The most basic and oldest metaphysical idea of all is the idea of God. It was hence no coincidence that when Nietzsche said that God is dead he really meant - as I have explained in that writeup - that metaphysics was dead. Cicero said that the idea of the existence of gods is "engraved in the minds of all men", and Hannah Arendt has suggested that the idea of God stems from our ability to think. What she means by this is that God - and metaphysical concepts - stem from our ability to think beyond what we can actually sense, and to imagine perfection; in politics, we call this utopia, but in spiritual terms this perfection is God. The fallacy is to imagine that just because perfection exists theoretically in our minds, it also exists out there somehow as a part of reality.

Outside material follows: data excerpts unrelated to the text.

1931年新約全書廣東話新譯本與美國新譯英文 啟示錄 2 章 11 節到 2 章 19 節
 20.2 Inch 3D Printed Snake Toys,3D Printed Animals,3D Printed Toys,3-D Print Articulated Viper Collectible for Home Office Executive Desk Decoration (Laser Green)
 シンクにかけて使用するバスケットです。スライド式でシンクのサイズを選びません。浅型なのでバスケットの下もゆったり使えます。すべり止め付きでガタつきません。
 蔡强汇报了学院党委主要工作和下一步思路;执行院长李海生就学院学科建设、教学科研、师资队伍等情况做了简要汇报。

Because these things cannot actually be found in reality, metaphysics had to hold they could be demonstrated by reason. But metaphysics proved self-defeating because of the strength of the claims it made about what could it could discover. Plato used to say that a grounding in mathematics was essential to a study of philosophy, and for millenia the illusion persisted that the products of our thought could have the same factuality as the fact that 2 + 2 = 4 or of the existence of some object that you and I can both perceive and agree exists. But the products of rational thought alone, like God or the Platonic forms, can never achieve the level of verifiability of scientific truths.

Modern science shattered this illusion by redefining the notion of truth and claiming that only that which can be proved in reality through empirical investigation can be held to be true; all is to be doubted and investigated. And because metaphysics could never produce experiments that could be replicated, the trains of mental reasoning it produced looked entirely irrelevant to an understanding of the world.

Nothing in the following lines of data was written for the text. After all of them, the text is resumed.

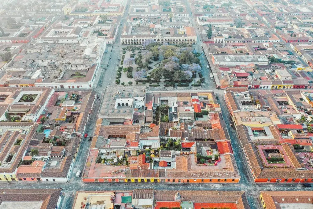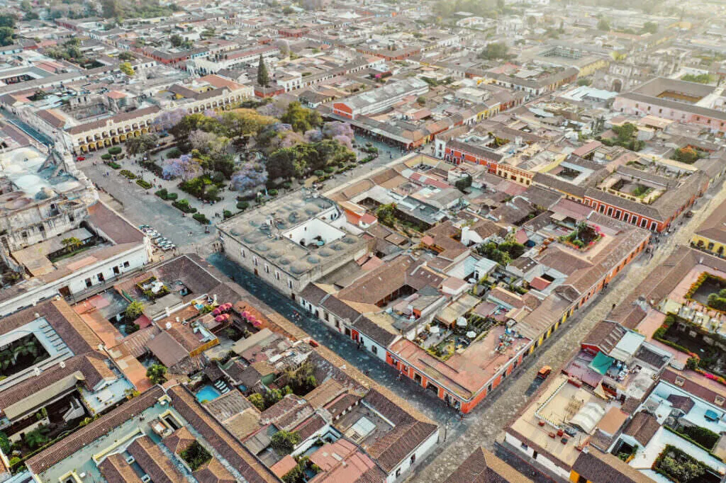 Antigua, en lo alto del altiplano guatemalteco, me atrapó desde el primer momento. Una ciudad donde las calles empedradas y las construcciones coloniales dibujan, vistas desde el cielo, un mosaico ordenado. Casas coloridas, iglesias antiguas y plazas llenas de vida bailan bajo mis ojos – un contraste entre pasado y pulso.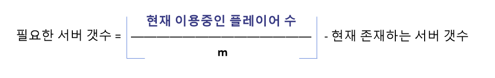 - n * m <= x < (n + 1) * m 을 만족하지 못할때, 필요한 추가 서버 갯수는 다음 공식을 따른다.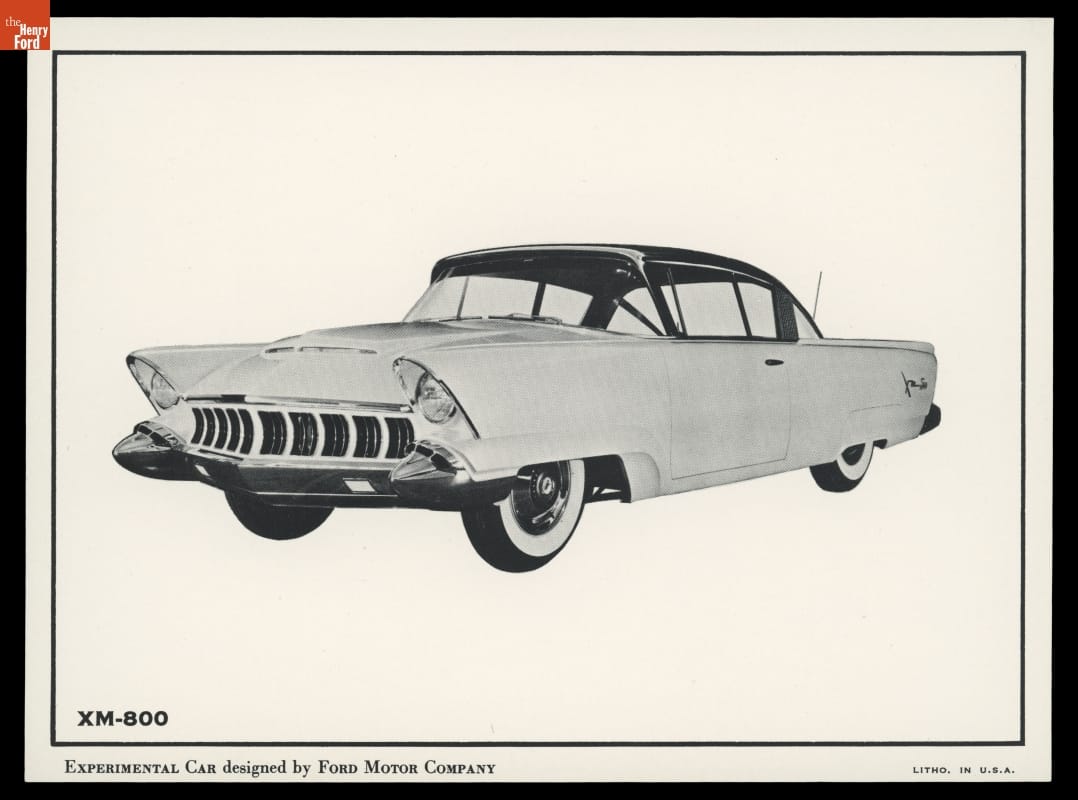 The Mercury XM-800 concept car debuted on the auto show circuit in 1954. The sleek hardtop was distinguished by its low height of 55.6 inches, its hooded headlights, and its exhaust ports integrated into the rear bumper. While the XM-800 never made it into production, some of its design cues appeared on Lincoln's 1956 production models.

The problem faced by metaphysics lay in the fact it confounded two types of truth. Science has as its correct field of investigation the empirical world that we can sense, but it has nothing to say about ultimate questions of meaning. This is one type of truth. Science deals with what exists without ever asking why it exists - what made it exist, what its purpose is, what will ultimately cause it to cease to exist and why; this is another type of truth. Claiming that we could know the answers to these questions in the same way that we can know that science's products are true was the greatest error made by the metaphysicians, and is why the rise of modern science so completely discredited them. This was part and parcel of philosophy's descent into ignominy, and it was highly dangerous because it simply removed the most fundamental questions facing us about the world and meaning from the field of human enquiry.

In the last century, some philosophers attempted to move "beyond metaphysics" by redefining its search for truth. Foremost among them was Martin Heidegger, who said that metaphysics should be seen as a form of poetry. Poetry is the perfect example of a thing that gives life meaning and vitality without ever trying to prove anything; nobody would claim that poetry is useless because it cannot be proven to be true. Heidegger went on to support Nazism, causing the indignant outrage of posterity; yet he was merely the most systematic representative of modern, scientific man, who shed all his prior beliefs that could not be proven and plunged into the task of finding meaning within himself, like a poet. Once we accept that meaning - and hence how people should live with one another - cannot be proven, there is no recourse but the retreat to a commitment to an arbitrary value system.

And this is why are playing with fire.